▶ Work to be completed
Down to the last line below, write out every line exactly, starting with the one that contains "Vue de la quatrième" and leaving out the pictures.

Stored data entries
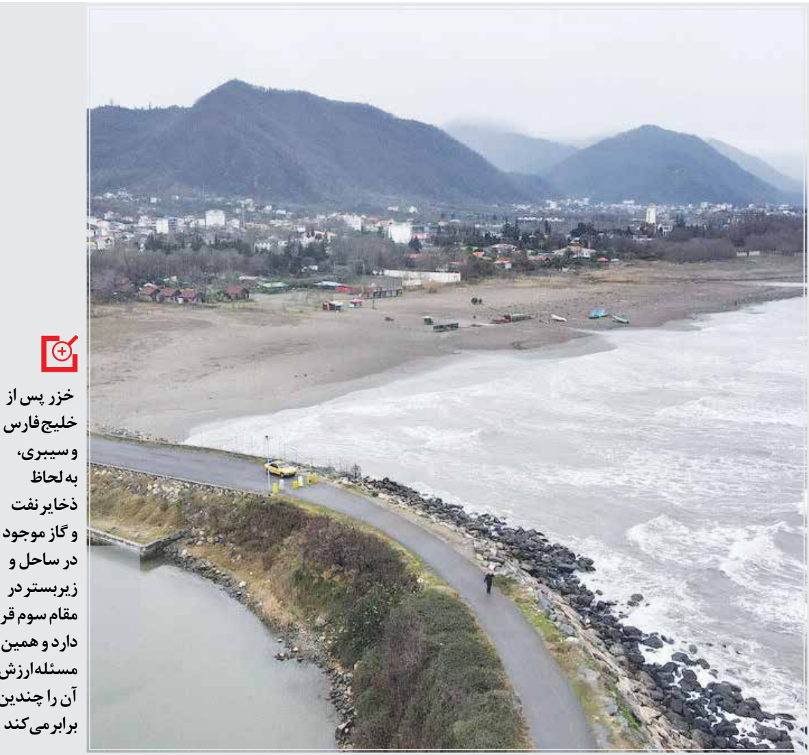
دریاچه خزر در استان مازندران، ایران. دریاچه خزر دریاچه‌ای است که در شمال غربی ایران واقع شده است.

پس‌رفت سطح آب دریای خزر اتفاقی است که نه تنها برای ایران بلکه برای سایر کشورهای حاشیه این پهنه آبی از اهمیت زیادی برخوردار است و در حال چاره‌اندیشی برای آن هستند. در این شرایط ایران چه نقشی می‌تواند داشته باشد؟
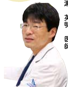
総合医療センター 泌尿器科部長

「若い時は夜トイレに起きる事がなかったのに」と悩まれている人は多いと思います。実は、男女ともに50歳を過ぎれば60%以上、70歳以上では90%以上の人が夜1回以上、さらに80歳以上では2人に1人が3回以上トイレに起きています。このように夜間にトイレに起きる「夜間頻尿」は年齢が大きく影響しています
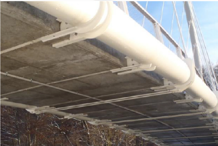
LÁVKA NA CYKLOSTEZCE "GREENWAY JIZERA" V ÚSEKU DOLÁNKY - LIŠNÝ
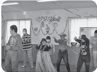
日頃、お世話になっているボランティアさんや保護者を招き、ケーナ鑑賞会、フラダンス発表会、ピンゴ大会等を行いました。歌ったり踊ったりと、楽しいひとときを過ごしました。
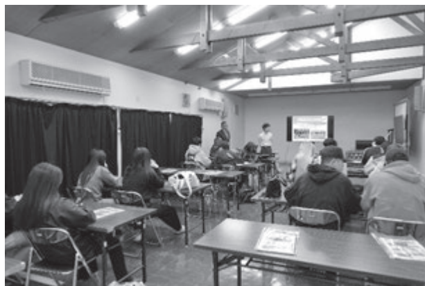
三芳町農業センターでお話を聞く

ジャパングーデンツーリズムは、オープンガーデン、オープンフォレスト、オープンファームから成り、様々な施設やイ
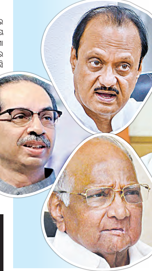
ରାଜନୀତିରେ ଏଭଳି ଘଟଣା ଦେଖିବାକୁ ମିଳିଥିଲା । ଶିବସେନାର ସିଦ୍ଧେ ଗୋଷ୍ଠୀ ଏବଂ ଏନ୍‌ସିପିର ପାଞ୍ଚାୟ

ଯଦି ସେ ନିଜ ଇଚ୍ଛାରେ କୌଣସି ରାଜନୈତିକ ଦଳକୁ ଛାଡ଼ିଯାଏ ତେବେ କୌଣସି ସ୍ୱାଧୀନ ସଦସ୍ୟ ରାଜନୈତିକ ଦଳରେ ସାମିଲ ହେଲେ, କୌଣସି ସଦସ୍ୟ ଦଳ ବିରୋଧରେ ଭୋଟ କଲେ, ନିଜ ଆଜ୍ଞା ମତଦାନରୁ ବିରତ ରହିଲେ, କୌଣସି ରାଜନୈତିକ ଦଳରେ ସାମିଲ ହେଲେ ନିର୍ବାଚିତ ପ୍ରତିନିଧିଙ୍କୁ ଅଯୋଗ୍ୟ ଘୋଷଣା କରାଯାଇପାରିବ ।
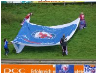
Die Blockfahne wird enthüllt
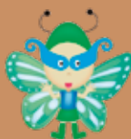
Super ayudante de hierba
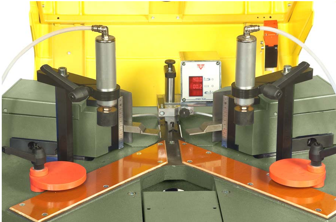
Détails des butées et des poinçons
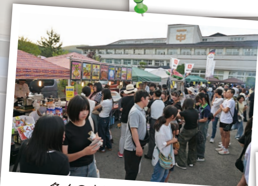
多くの来場者で大にぎわい
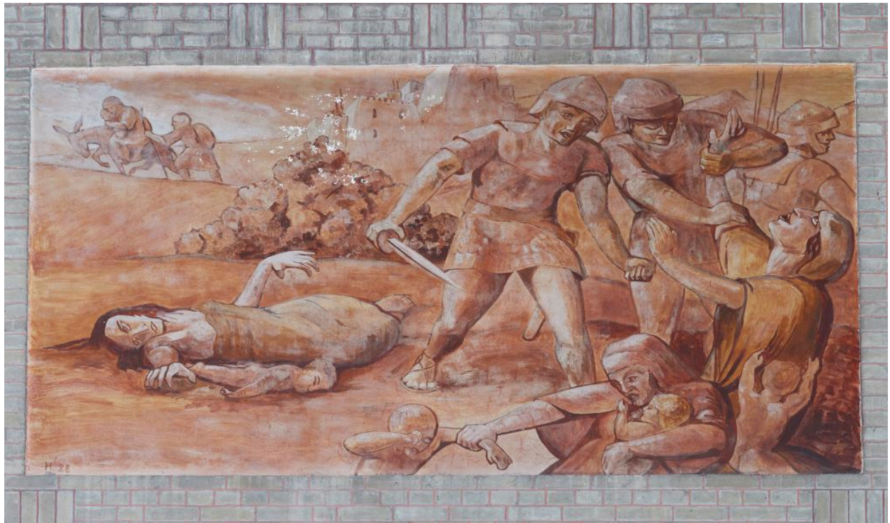
Vue de la quatrième peinture du côté ouest : le Massacre des Innocents.
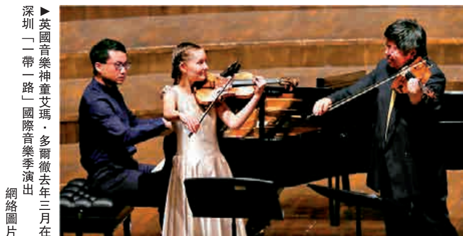
▲英國音樂神童艾瑪·多爾徹去年三月在「一帶一路」國際音樂季演出
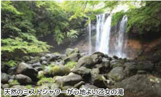
天然のミストシャワーが心地よい乙女の滝

▶ Finished task
Vue de la quatrième peinture du côté ouest : le Massacre des Innocents.
▲英國音樂神童艾瑪·多爾徹去年三月在「一帶一路」國際音樂季演出
天然のミストシャワーが心地よい乙女の滝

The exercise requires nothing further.